● Your assignment: Can the lines below, from the one that holds "Ev tipi kullanım" to the very end, be echoed exactly, with both ends included and no pictures?

● Input data:
★ ★ ★

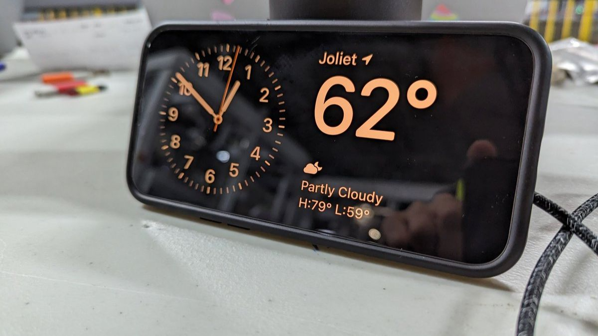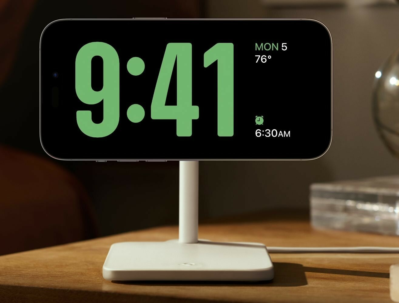 StandBy là chế độ hiển thị thời gian, thời tiết và các tiện ích khác trên iPhone của bạn khi được đặt nằm ngang. Tính năng StandBy sẽ cực kỳ hữu dụng nếu bạn sử dụng kèm với giá đỡ MagSafe, từ đó có thể biến hoá iPhone của bạn thành một chiếc đồng hồ, một cuốn lịch hay một thiết bị thể hiện những kỷ niệm của bạn trên màn hình điện thoại.
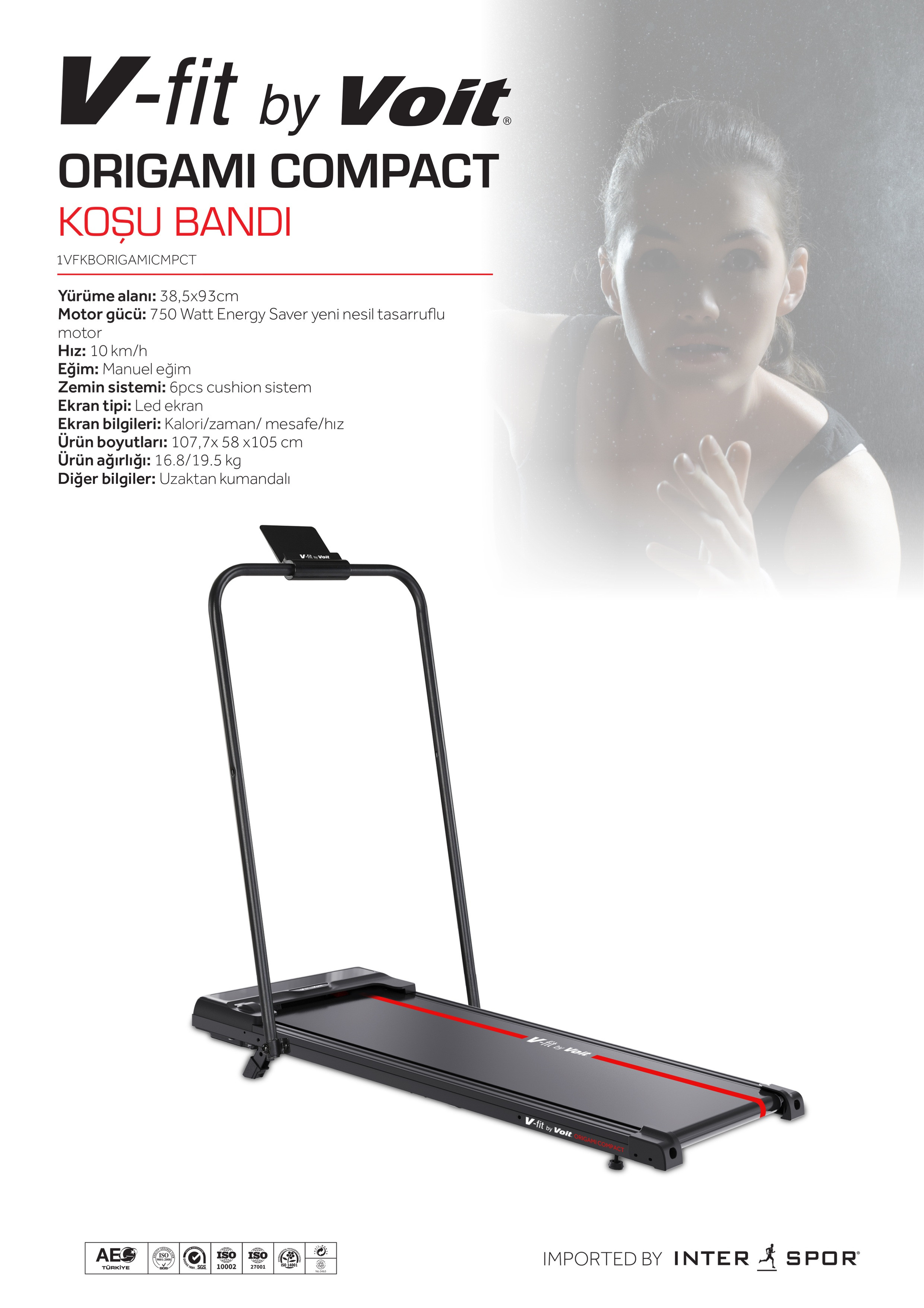 Ev tipi kullanım için ideal olan Voit Origami Compact Koşu Bandı, 90 kg taşıma kapasitesi ve kompakt ölçüleriyle küçük alanlar için mükemmel bir çözümdür.
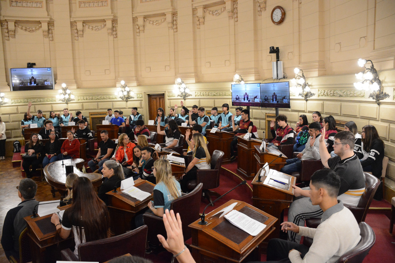 Sesión simulada a cargo de estudiantes de: E.E.S.O N°521 "Nildo Feliciano Bertello" (Lopez); E.E.S.O.P.I N°2044 "Santa Ana" (Gessler); E.E.T N°670 "General Antonio González Balcarce" (Gálvez) y E.E.S.O N°496 "Héroes del 2 de abril" (Caima). Compartir en Facebook Compartir en Twitter Compartir en Whatsapp

★ ★ ★

● Answer for the task:
 Ev tipi kullanım için ideal olan Voit Origami Compact Koşu Bandı, 90 kg taşıma kapasitesi ve kompakt ölçüleriyle küçük alanlar için mükemmel bir çözümdür.
 Sesión simulada a cargo de estudiantes de: E.E.S.O N°521 "Nildo Feliciano Bertello" (Lopez); E.E.S.O.P.I N°2044 "Santa Ana" (Gessler); E.E.T N°670 "General Antonio González Balcarce" (Gálvez) y E.E.S.O N°496 "Héroes del 2 de abril" (Caima). Compartir en Facebook Compartir en Twitter Compartir en Whatsapp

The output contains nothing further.